Constitutional equality provisions also enable us to scrutinize justifications for limiting access to contraception, abortion, and other forms of reproductive health care—or bans on same-sex intimacy, or marriage—for evidence that they are animated by race- and/or sex-based stereotypes or assumptions. Such stereotypes include, for example, the idea that women are destined for motherhood, or that gay, lesbian, nonbinary, queer and trans people are less worthy of access to health care or legal relationship recognition, or that poor people of color don’t deserve to make decisions about their bodies and families free from government interference.

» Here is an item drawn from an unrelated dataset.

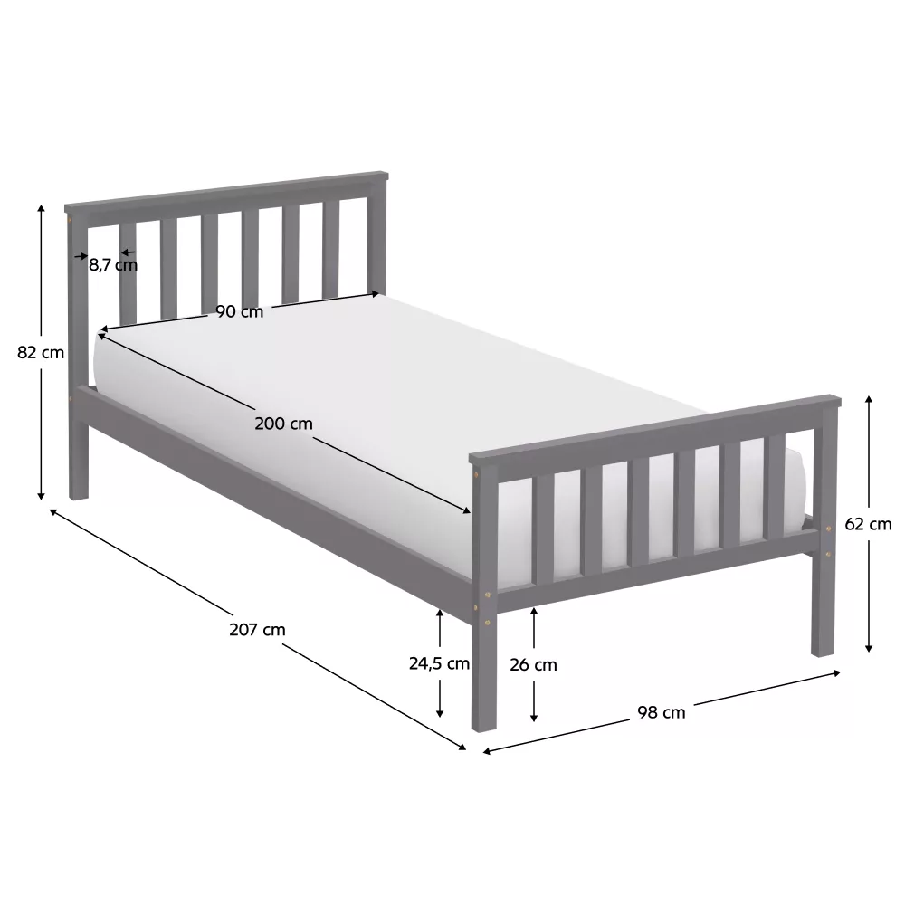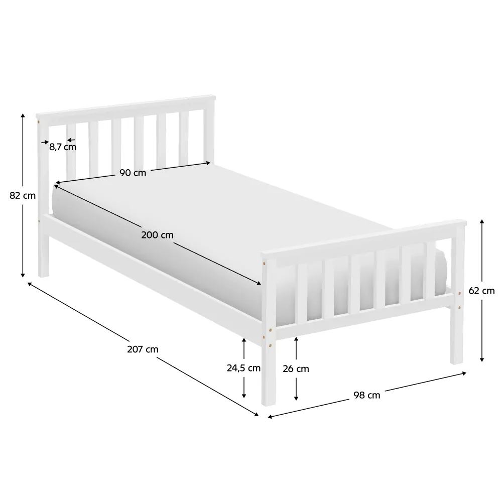 Součástí postele je rolovaný překližkový rošt. Matrace není součástí balení, doporučujeme zvolit matraci o rozměru 90 × 200 cm z naší nabídky.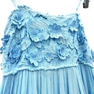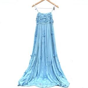 Free People Rosa Maxi Dress Baby Blue 3D Flowers Strapless Fairy XS Small

            Liberals and progressives who follow Fleming’s advice to look beyond federal courts will find ample precedent for invoking equality provisions alongside other constitutional and statutory protections to vindicate personal rights. In the abortion context, equality arguments—often alongside claims about privacy, liberty, and bodily integrity—have succeeded in a number of state courts and legislatures, before and since Dobbs. Sex equality provisions have supported many advances for LGBTQ+ individuals in administrative agencies and in state and federal courts, including a powerful anti-sex stereotyping principle that extends to discrimination based on pregnancy, family caregiving responsibilities, sexual orientation, and gender identity.

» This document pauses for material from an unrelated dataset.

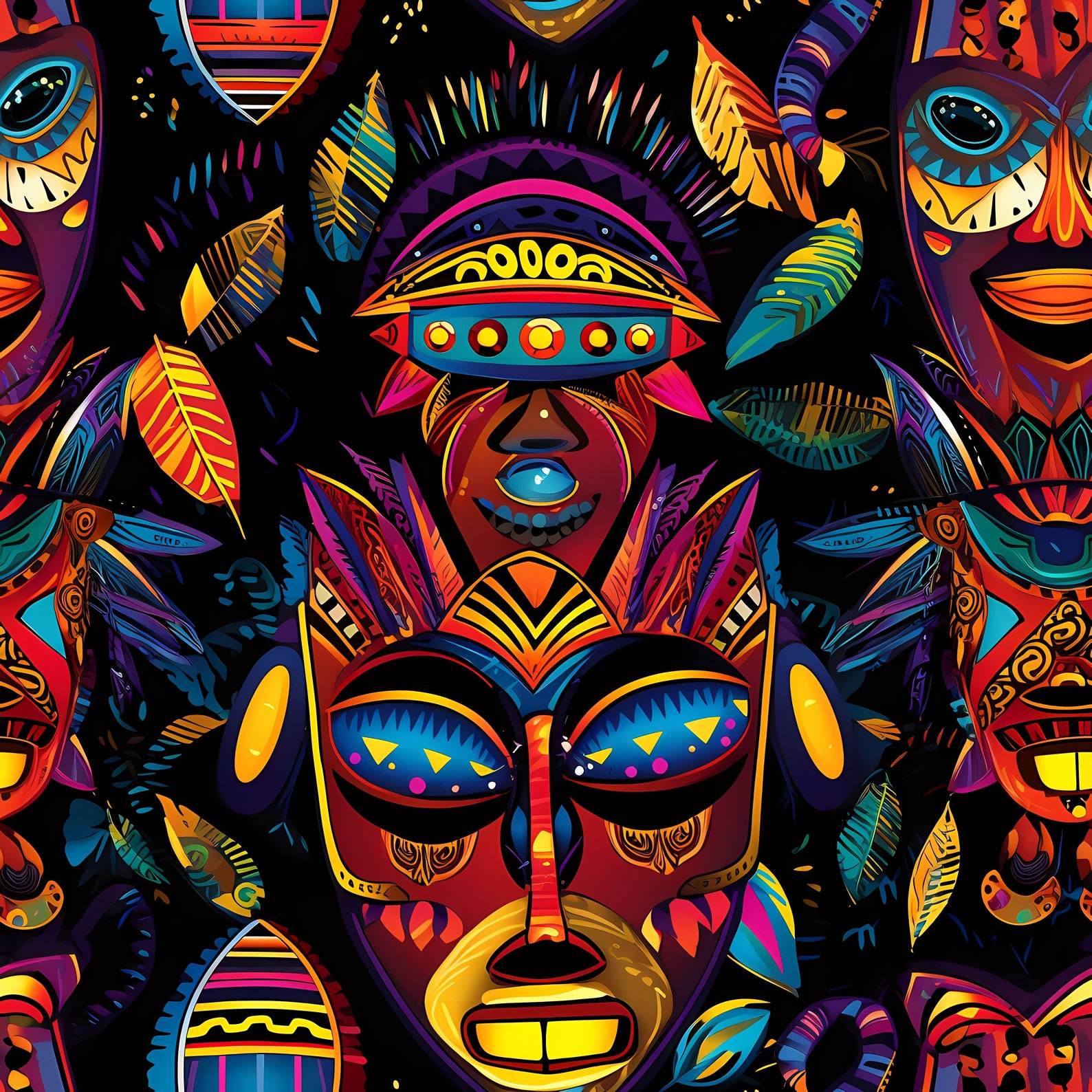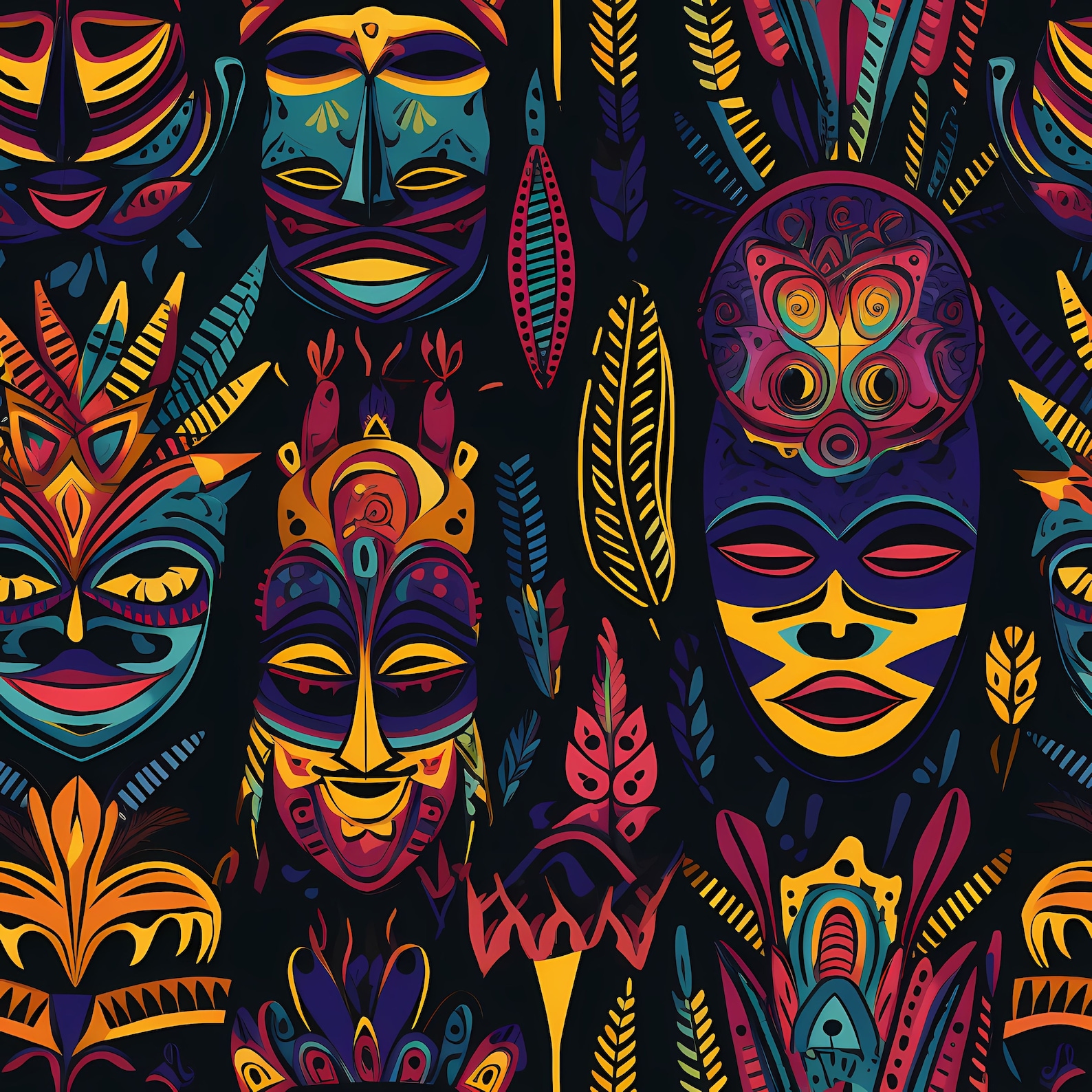 Traditional African masks arranged in a captivating pattern hd mask ...

            Finally, centering equality doctrines also highlights the links between attacks on personal rights and freedoms and the imperiled future of multi-racial democracy. In a searing 2018 opinion, federal district court Judge Carlton Reeves linked Mississippi’s 15-week abortion ban to its history of race- and gender-based oppression and exclusion. The law called to mind “the old Mississippi—the Mississippi bent on controlling women and minorities,” which “barred women from serving on juries,” forcibly sterilized Black women, and did not officially ratify the Nineteenth Amendment until the 1980s. Last week, in oral arguments in Merrill v. Milligan, a case testing the continued vitality of section 2 of the Voting Rights Act of 1965, Justice Ketanji Brown Jackson exposed the historical fallacy of colorblind interpretations of the equal protection clause by citing legislative history that demonstrates how the Reconstruction Amendments’ framers understood race consciousness as imperative to ensure freedpeople’s equal citizenship. Imagine, as Melissa Murray invited us to do, that Justice Jackson had been on the bench in Dobbs to conduct a similar historical analysis of the Reconstruction Amendments’ origins and purpose. The link between personal freedoms and access to the rights of citizenship, in other words, exists not only as a matter of social and political reality but as a matter of constitutional doctrine.

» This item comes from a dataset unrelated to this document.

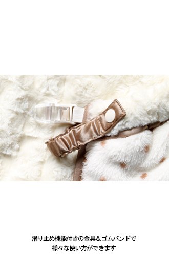 クリップとゴムバンドが付いているので抱っこやおんぶ、ベビーカーと幅広く使えます。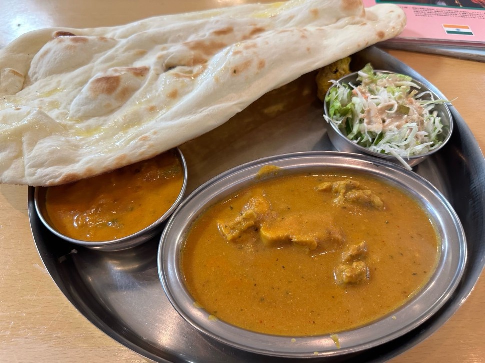 奈良の三条通りにあるインドカレー屋のBランチです。辛さはマイルド・レギュラー・ホット・スーパーホットの4種類から選べます。

As Fleming rightly recognizes, though, the future of liberty and equality lies outside the Supreme Court. Fleming’s call, in his book’s final chapter, to leverage political power in the mode of Stacey Abrams and other Black women who have worked for decades to protect and extend voting rights, gets to the heart of the matter. The rights formerly and currently protected by substantive due process are supported by a majority of Americans, but voter suppression laws, partisan and racial gerrymandering, false claims of voter fraud, the evisceration of campaign finance regulations, and an emboldened white supremacist insurgency endanger not only these rights but the survival of our constitutional republic. How well we defend democracy and the rule of law in the coming months and years ultimately will determine the future construction of basic liberties.